This document refers to version 0.11 of Text::CSV::Hashify. This version was released May 22 2018.


    # Simple functional interface
    use Text::CSV::Hashify;
    $hash_ref = hashify('/path/to/file.csv', 'primary_key');

    # Object-oriented interface
    use Text::CSV::Hashify;
    $obj = Text::CSV::Hashify->new( {
        file        => '/path/to/file.csv',
        format      => 'hoh', # hash of hashes, which is default
        key         => 'id',  # needed except when format is 'aoh'
        max_rows    => 20,    # number of records to read; defaults to all
        ... # other key-value pairs as appropriate from Text::CSV
    } );

    # all records requested
    $hash_ref       = $obj->all;

    # arrayref of fields input
    $fields_ref     = $obj->fields;

    # hashref of specified record
    $record_ref     = $obj->record('value_of_key');

    # value of one field in one record
    $datum          = $obj->datum('value_of_key', 'field');

    # arrayref of all unique keys seen
    $keys_ref       = $obj->keys;


The Comma-Separated-Value ('CSV') format is the most common way to store spreadsheets or the output of relational database queries in plain-text format. However, since commas (or other designated field-separator characters) may be embedded within data entries, the parsing of delimited records is non-trivial. Fortunately, in Perl this parsing is well handled by CPAN distribution Text::CSV. This permits us to address more specific data manipulation problems by building modules on top of Text::CSV.
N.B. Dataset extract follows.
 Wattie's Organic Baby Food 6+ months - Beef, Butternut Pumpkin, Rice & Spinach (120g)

Note: In this document we will use CSV as a catch-all for tab-delimited files, pipe-delimited files, and so forth. Please refer to the documentation for Text::CSV to learn how to handle field separator characters other than the comma.
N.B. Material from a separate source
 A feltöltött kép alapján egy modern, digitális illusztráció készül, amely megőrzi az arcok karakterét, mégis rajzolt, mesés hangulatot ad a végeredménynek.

Text::CSV::Hashify is designed for the case where you simply want to turn a CSV file into a Perl hash. In particular, it is designed for the case where:

Text::CSV::Hashify turns that kind of CSV file into one big hash of hashes.

Text::CSV::Hashify can now take gzip-compressed (.gz) files as input as well as uncompressed files.

Primary Case: CSV (with primary key) to Hash of Hashes

Text::CSV::Hashify is designed for the case where you simply want to turn a CSV file into a Perl hash. In particular, it is designed for the case where (a) the CSV file's first record is a list of fields in the ancestral database table and (b) one field (column) functions as a primary key, i.e., each record's entry in that field is non-null and is distinct from every other record's entry therein.

Text::CSV::Hashify turns that kind of CSV file into one big hash of hashes. Elements of this hash are keyed on the entries in the designated primary key field and the value for each element is a hash reference of all the data in a particular database record (including the primary key field and its value).

Secondary Case: CSV (lacking primary key) to Array of Hashes

You may, however, encounter cases where a CSV file's header row contains the list of database fields but no field is capable of serving as a primary key, i.e., there is no field in which the entry for that field in any record is guaranteed to be distinct from the entries in that field for all other records.

In this case, while an individual record can be turned into a hash, the CSV file as a whole cannot accurately be turned into a hash of hashes. As a fallback, Text::CSV::Hashify can, upon request, turn this into an array of hashes. In this case, you will not be able to look up a particular record by its primary key. You will instead have to know its index position within the array (which is equivalent to knowing its record number in the original CSV file minus 1).


Text::CSV::Hashify provides two interfaces: one functional, one object-oriented.

Use the functional interface when all you want is to turn a CSV file with a primary key field into a hash of hashes.

Use the object-oriented interface for any more sophisticated manipulation of the CSV file. This includes:

Note: On the recommendation of the authors/maintainers of Text::CSV, Text::CSV::Hashify will internally always set Text::CSV's binary => 1 option.


Text::CSV::Hashify by default exports one function: hashify().

    $hash_ref = hashify('/path/to/file.csv', 'primary_key');


    $hash_ref = hashify('/path/to/file.csv.gz', 'primary_key');

Function takes two arguments: path to CSV file; field in that file which serves as primary key. If the path to the input file ends in .gz, it is assumed to be compressed by gzip. If the file name ends in .psv (or .psv.gz), the separator character is assumed to be a pipe (|). If the file name ends in .tsv (or .tsv.gz), the separator character is assumed to be a tab ( ). Otherwise, the separator character will be assumed to be a comma (,).

Returns a reference to a hash of hash references.









    James E Keenan
    CPAN ID: jkeenan


This program is free software; you can redistribute it and/or modify it under the same terms as Perl itself.

The full text of the license can be found in the LICENSE file included with this module.

Copyright 2012-2018, James E Keenan. All rights reserved.


There are no bug reports outstanding on Text::CSV::Hashify as of the most recent CPAN upload date of this distribution.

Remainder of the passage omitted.